Restraints on alienation
• A distinction must be drawn between an
absolute gift that is subject to a restraint, and a
determinable interest that automatically ends on
the happening of some event. The absolute gift,
which is subject to a condition subsequent, in
effect grants a complete interest, that is then
divested on the satisfaction of the condition. As
such, this type of condition subsequent is void
as a restraint on alienation. If, however, the
interest transferred in trust is determinable, the
interest is considered to have ended naturally on
the occurrence of the event:
Restraints on alienation
• For example, ‘to A on trust for B for life,
but if B ceases to use the property as a
hotel, then to C’ is considered to contain a
restraint on alienation. The life interest is
granted to B, but can be artificially cut
short by the event of B no longer using the
property as a hotel. Such a condition subsequent is a restraint on alienation.
Restraints on alienation
• However, if the trust was worded ‘to A on trust
for B for life until B ceases to use the property as
a hotel’, B’s life interest is always limited in time
to the event of the property no longer being used
as a hotel. If and when the property is no longer
used as a hotel B’s estate comes naturally to an
end. This disposition is not considered to be an
absolute gift with a limitation, as the interest
contains the limitation within itself.

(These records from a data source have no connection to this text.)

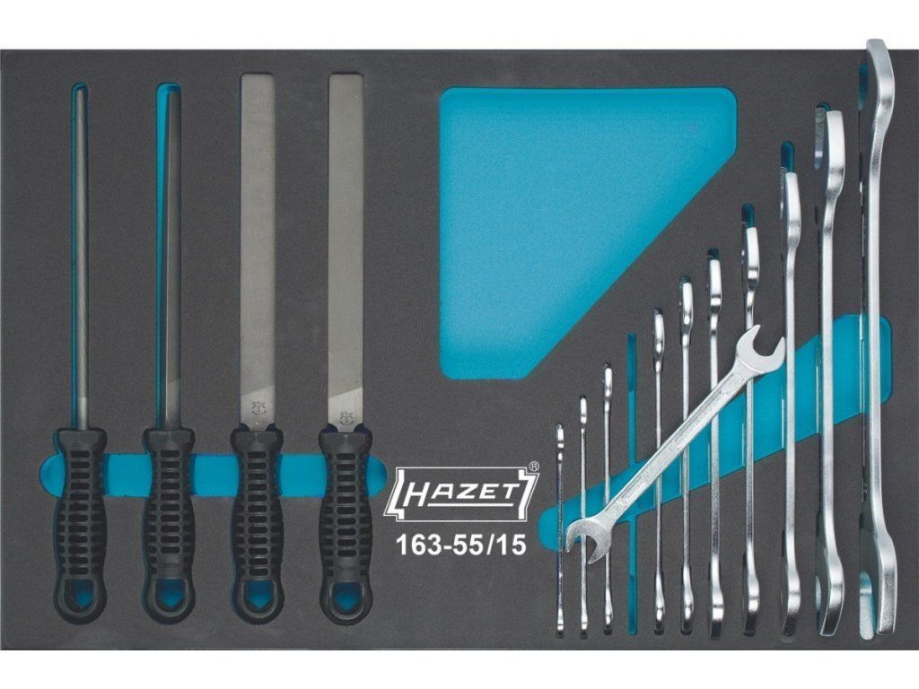 Sada oboustranných plochých klíčů a pilníků, německá kvalita HAZET, celkem 15 kusů v pěnové výplni vhodné do montážních vozíků.
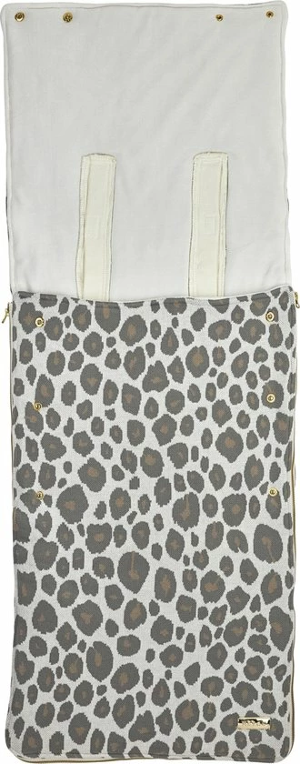 De Meyco buggy voetenzak is gebreid met een trendy panter design. Geschikt voor elke wandelwagen of buggy met een drie- of vijfpuntsgordel.
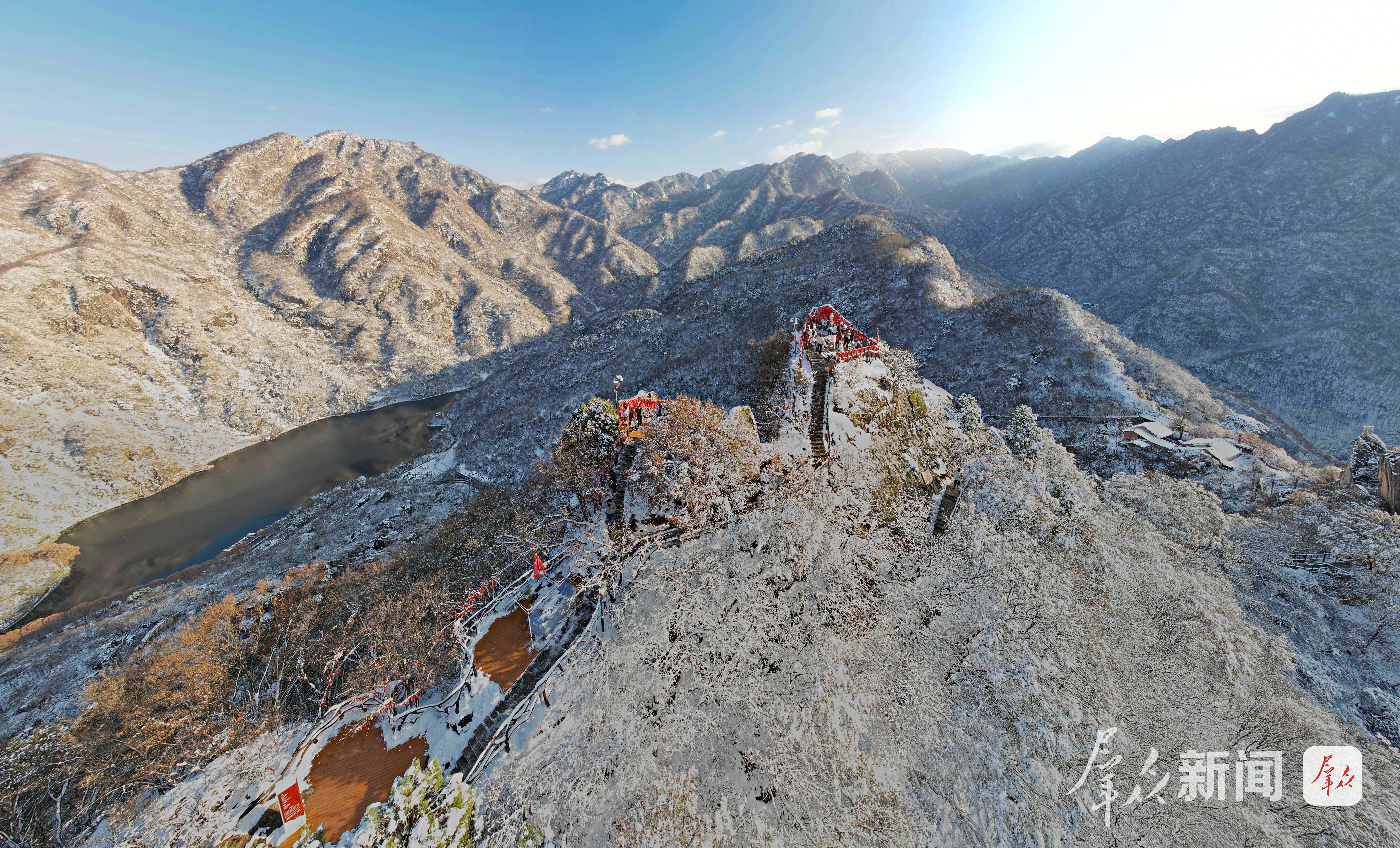 秦嶺迎來(lái)初冬第一場(chǎng)雪。11月17日,西安翠華山景區(qū)內(nèi),游人漫步于銀裝素裹的靜謐山間,宛若置身一幅徐徐展開的水墨畫卷,盡顯中式美學(xué)意境。(群眾新聞?dòng)浾?杜瑋)
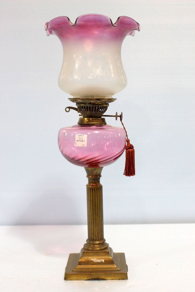 Victorian brass oil lamp with cranberry font. Beautiful oil lamp with ruffled cranberry shade. 22 1/2" h.
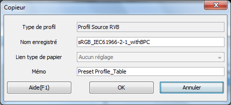 Vous pouvez dupliquer dans le contrôleur d'image le profil de la source RVB enregistré dans le contrôleur.
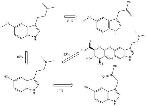 De enige onderzoeken naar de metabole wegen van 5-MeO-DMT zijn uitgevoerd bij ratten (Sprague-Dawley).[11] De metabole routes omvatten onder andere oxidatieve deaminering, N-demethylering, O-demethylering en N-oxidering.[12] Uit onderzoek blijkt dat 5-MeO-DMT voor ruim de helft (54%) wordt omgezet in 5-methoxyindoolazijnzuur (via N-demethylering en deaminering). De rest van de gevonden metabolieten zijn het gevolg van eerst O-demethylering van 5-MeO-DMT naar bufotenine, dat gedeeltelijke verdere biochemische transformaties ondergaat naar 5-hydroxyindoolazijnzuur (14%) (via N-demethylering en deaminering) en bufotenineglucuronide (23%) (via conjugatie). De metabolieten werden gevonden in de urine en ontlasting. Onderstaande figuur[11] biedt een grafische weergave van de metabolieten:
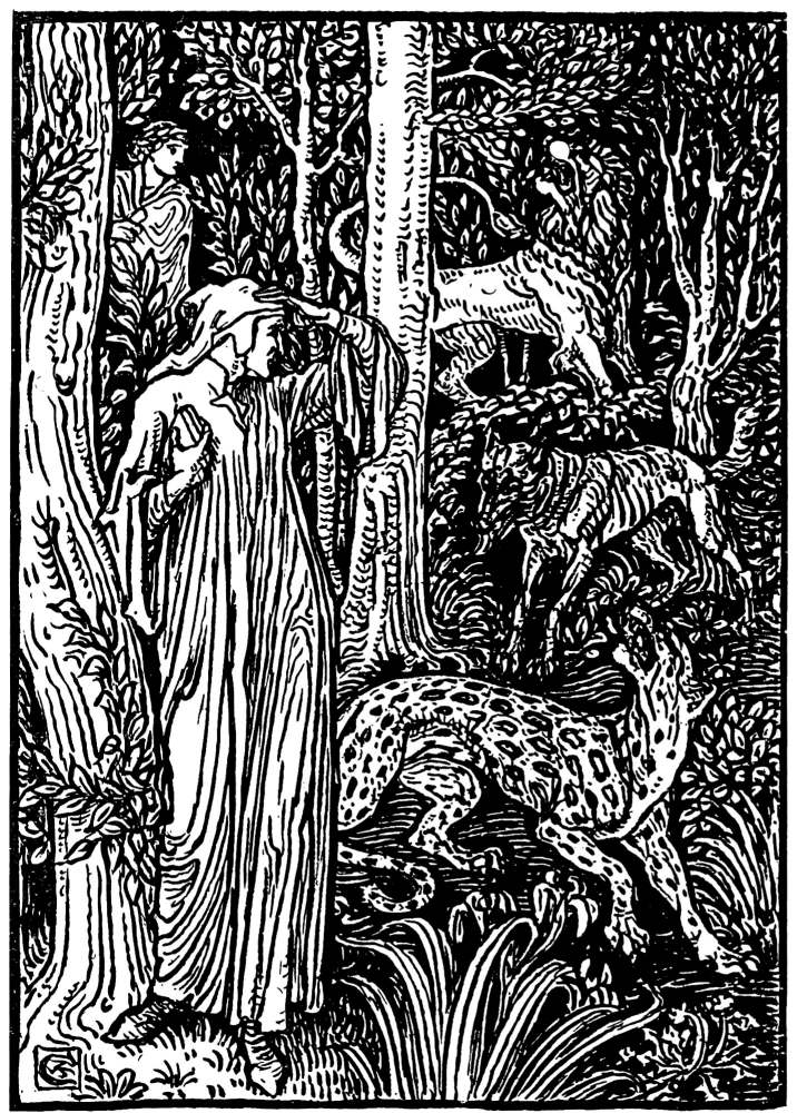 Through an opening where the tall trees had not grown quite so thick, he saw in the distance a great mountain, on the top of which the sun was shining brightly. “Ah!” thought he to himself, “if I can but reach the top of that mountain I am sure I can see a long way in every direction. No woods can grow tall enough to keep me from finding my path then!” So with fine courage he started toward the mountain, but he had not walked far when a beautiful, spotted panther stood with glaring eyes in his pathway. He trembled, for he knew that going forward meant that he would be destroyed. He turned hastily aside into another path, but he had gone only a short distance in this direction before he saw a huge lion coming towards him. In greater haste than before he turned into still another path. His heart was beating very fast now, and he hastened along without taking much notice of what lay before him. Suddenly he came upon a lean and hungry wolf, which looked as if he could devour half a dozen men. Dante turned and fled back into the dark woods “where the sun was silent.” He thought, “What is the use of trying to get out of this terrible forest? There are wild beasts on every side. If I escape one I am sure to be devoured by another; I might as well give up trying.” He had now lost all hope.

As such there
is no restraint on the interest granted
The rule against indestructible
trusts
• A trust instrument that seeks to prevent
the beneficiaries from eventually using and
exhausting the capital of the trust funds
will be void. Such a trust is objectionable
because it prevents the trust property from
being alienable: Re Cain [1950] VR 382 at
391. Such a trust also offends the rights of
beneficiaries under the rule in Saunders v
Vautier
The rule against perpetuities
• The purpose behind the rule is to place
time limits on the creation of interests in
property that prevent testators from being
able to forever control property from the
grave via the use of infinite successive
interests
• McCrimmon states at 130:
– While strong arguments can be made for the
abolition of the Rule, that fact remains that it is
part of our law and legal practitioners and law
students should have an understanding of its
application
The modern rule against
perpetuities
• An interest that is created to vest
some time in the future, must vest
within a life in being plus 21 years
from the date the instrument becomes
effective
The modern rule against
perpetuities
• Note that the rule is not concerned with how long an
interest will last. It is only concerned that the interest vest
within the perpetuity period.
• A ‘vested interest’ is an interest in property that has
taken effect in possession, or one that will take effect in
possession through the natural determination of prior
estates. To illustrate, consider a gift ‘to A on trust for B
for life, and then to C’. This disposition contains three
separate interests: the legal title of A as trustee, the
equitable life estate in B and the remainder to C. All of
these interests are considered to be vested. A’s interest
has taken effect in possession.
The modern rule against
perpetuities
• To contrast, consider a gift of property ‘to
A on trust for B for life, then to C if C
attains 21 years’. Unlike the previous
example, C’s interest will not automatically
come into possession on B’s death. C’s
interest is subject to a contingency, and is
referred to as a ‘contingent remainder.’ C’s
interest will only vest if C attains the age of
21.
The modern rule against
perpetuities
• The perpetuity period is equivalent to a life in
being plus an additional 21 years. The phrase a
‘life in being’ is usually a reference to the life of
someone mentioned expressly in the disposition.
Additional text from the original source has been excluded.